_EXERCISE PROMPT_.
Here are the records. Write out exactly the lines between the one holding "OSCNSC Financesc Boedjang" and the one holding "24 июня в 19.00", inclusive.

_SOURCE DATA_.
++++++

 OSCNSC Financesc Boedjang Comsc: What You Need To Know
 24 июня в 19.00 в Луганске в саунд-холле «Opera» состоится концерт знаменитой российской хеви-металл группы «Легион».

++++++

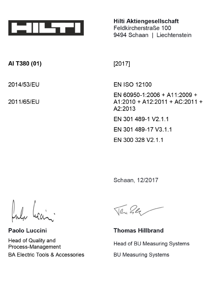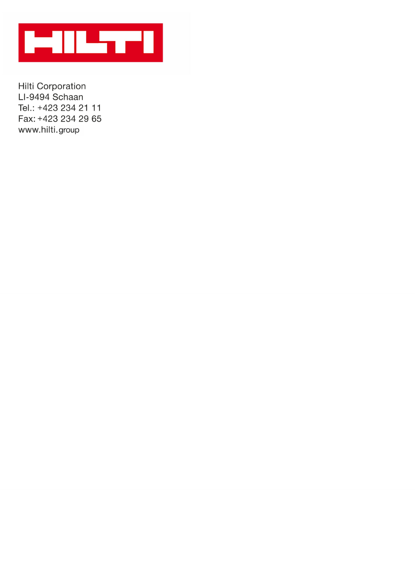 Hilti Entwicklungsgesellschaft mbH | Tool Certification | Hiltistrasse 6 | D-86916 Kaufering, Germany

++++++

_YOUR SOLUTION_.
 OSCNSC Financesc Boedjang Comsc: What You Need To Know
 24 июня в 19.00 в Луганске в саунд-холле «Opera» состоится концерт знаменитой российской хеви-металл группы «Легион».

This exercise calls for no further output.